Aim of the task: With every picture left out, give the data below back exactly.

Data section:

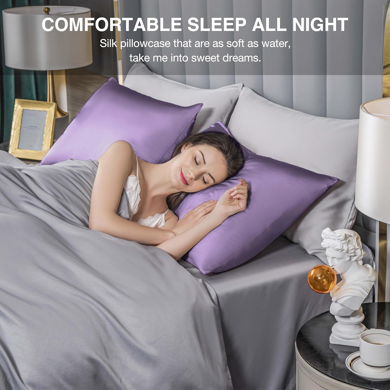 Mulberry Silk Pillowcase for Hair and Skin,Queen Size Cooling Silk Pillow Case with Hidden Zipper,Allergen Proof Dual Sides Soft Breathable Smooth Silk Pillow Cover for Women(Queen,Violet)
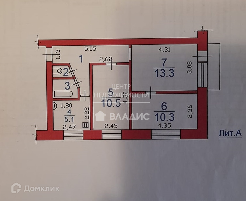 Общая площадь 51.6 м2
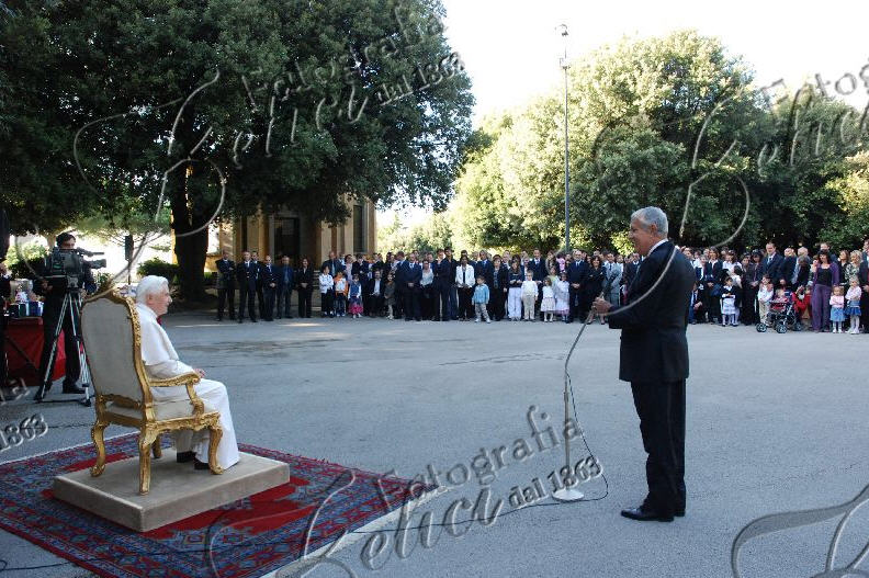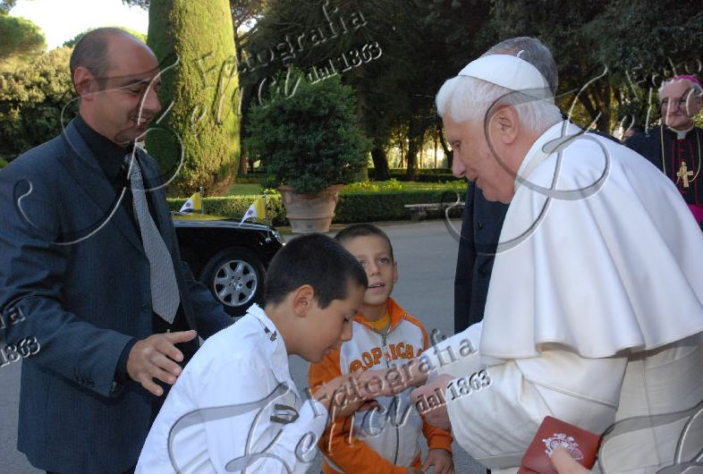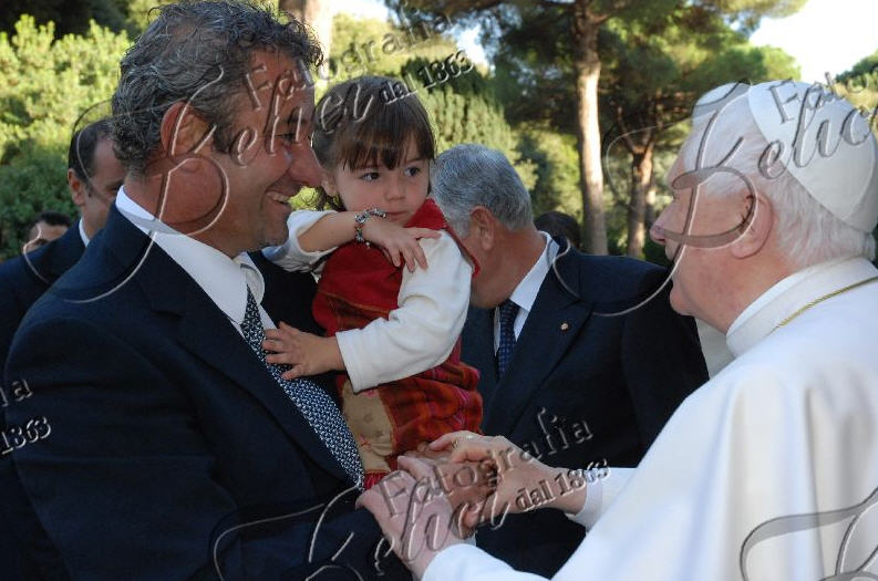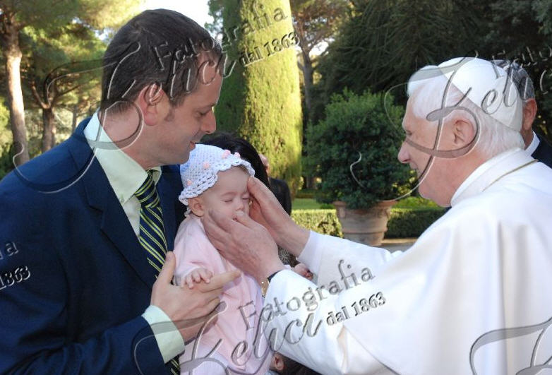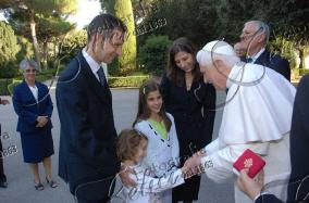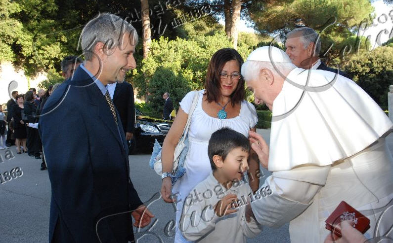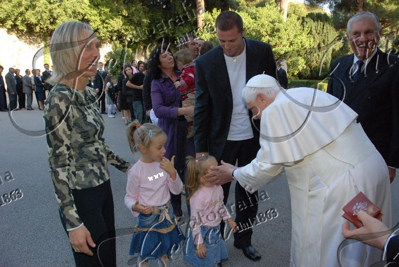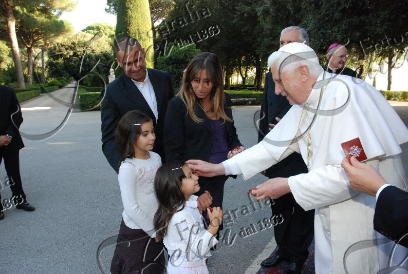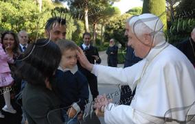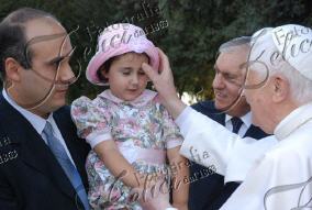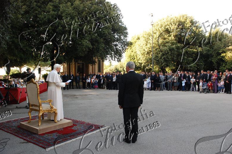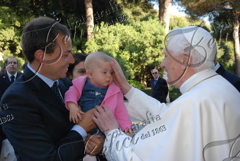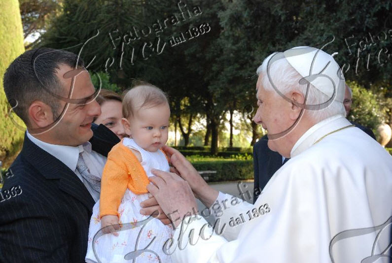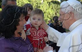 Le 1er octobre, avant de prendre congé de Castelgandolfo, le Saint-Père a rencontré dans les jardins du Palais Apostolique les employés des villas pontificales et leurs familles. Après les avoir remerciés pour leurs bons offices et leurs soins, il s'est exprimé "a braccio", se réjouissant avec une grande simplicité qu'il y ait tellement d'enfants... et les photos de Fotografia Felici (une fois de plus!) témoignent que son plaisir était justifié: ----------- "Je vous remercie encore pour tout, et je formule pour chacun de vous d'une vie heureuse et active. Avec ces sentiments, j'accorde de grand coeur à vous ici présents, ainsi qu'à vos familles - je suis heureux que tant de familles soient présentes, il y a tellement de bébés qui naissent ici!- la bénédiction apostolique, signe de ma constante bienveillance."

Answer to the problem:
 Mulberry Silk Pillowcase for Hair and Skin,Queen Size Cooling Silk Pillow Case with Hidden Zipper,Allergen Proof Dual Sides Soft Breathable Smooth Silk Pillow Cover for Women(Queen,Violet)
 Общая площадь 51.6 м2
 Le 1er octobre, avant de prendre congé de Castelgandolfo, le Saint-Père a rencontré dans les jardins du Palais Apostolique les employés des villas pontificales et leurs familles. Après les avoir remerciés pour leurs bons offices et leurs soins, il s'est exprimé "a braccio", se réjouissant avec une grande simplicité qu'il y ait tellement d'enfants... et les photos de Fotografia Felici (une fois de plus!) témoignent que son plaisir était justifié: ----------- "Je vous remercie encore pour tout, et je formule pour chacun de vous d'une vie heureuse et active. Avec ces sentiments, j'accorde de grand coeur à vous ici présents, ainsi qu'à vos familles - je suis heureux que tant de familles soient présentes, il y a tellement de bébés qui naissent ici!- la bénédiction apostolique, signe de ma constante bienveillance."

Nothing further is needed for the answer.